What Kind of City Is This?

Resilient
Bounces back from floods, power cuts, and political crises with the speed of a city that has simply never had the option of not bouncing back.
Entrepreneurial
Street vendors here run multi-generational business dynasties. The informal economy is not an accident. It is the city's first language.
Multilingual
Urdu, Sindhi, Pashto, Balochi, Gujarati, English — all spoken on a single city block, often in the same sentence, without anyone finding this remarkable.
Hospitable
Guests are fed before questions are asked. This is not politeness. It is policy.
Nostalgic
Karachites who leave never fully arrive anywhere else. The city they left lives in them with a specificity that defies geography.
Improvising
When the infrastructure fails — and it will — the city finds another way. This is not stubbornness. It is Karachi's founding philosophy.

Why Karachi Matters

There is a tendency, in cities that are functional and clean and reliably powered, to underestimate what it takes to build a city that is none of those things and yet remains — unmistakably, stubbornly, magnificently — alive. Karachi is the argument against that tendency.

This is the city that absorbed the shock of Partition — a civilisational rupture that remade South Asia — and kept moving. The city that took in half a million refugees in a year and made them Karachites. The city that operates South Asia's most important port, produces half the country's pharmaceuticals, writes the cheques that fund the national government, and does all of this while managing the kind of infrastructure deficits that would bring other cities to their knees.

It is not an easy city to love from the outside.
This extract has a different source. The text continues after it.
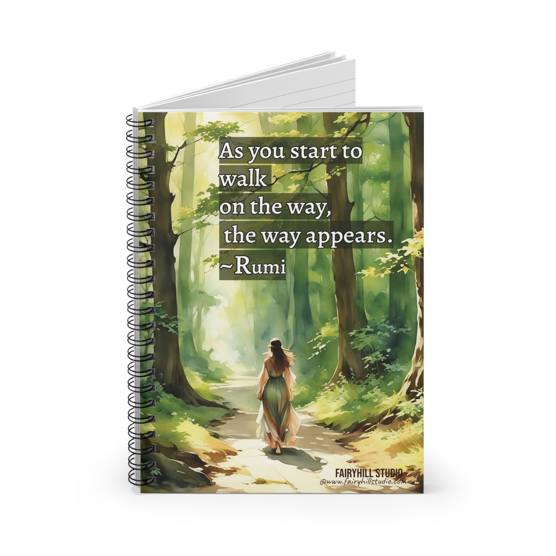 Personalized ruled line spiral notebook with a Rumi quote on the cover. Perfect for writing and reflection, giving a fancy look with a metal spiral binding and a document pocket for added storage. Ideal for journaling and note-taking.

It does not perform for tourists. It does not have a heritage district scrubbed clean for Instagram. Its contradictions are visible and unresolved: extraordinary wealth and brutal poverty, occasionally within the same block; a coastline that should be the city's crown jewel and has been, in places, reduced to industrial wasteland; a political history that is complicated in the specific way that the histories of contested, diverse, high-stakes cities are always complicated.

But here is what Karachi has that few other cities have: a citizenry that is, at some deep and non-negotiable level, in love with the place. Not uncritically. Not without frustration. But in love — with the biryani and the harbour light and the shrines and the football alleys and the midnight nihari and the old bungalows with the Zoroastrian symbols above the doors and the crocodiles that remember a saint from seven hundred years ago. With the whole impossible, overwhelming, unrepeatable fact of the city.

Karachi doesn't ask if you're ready. It begins.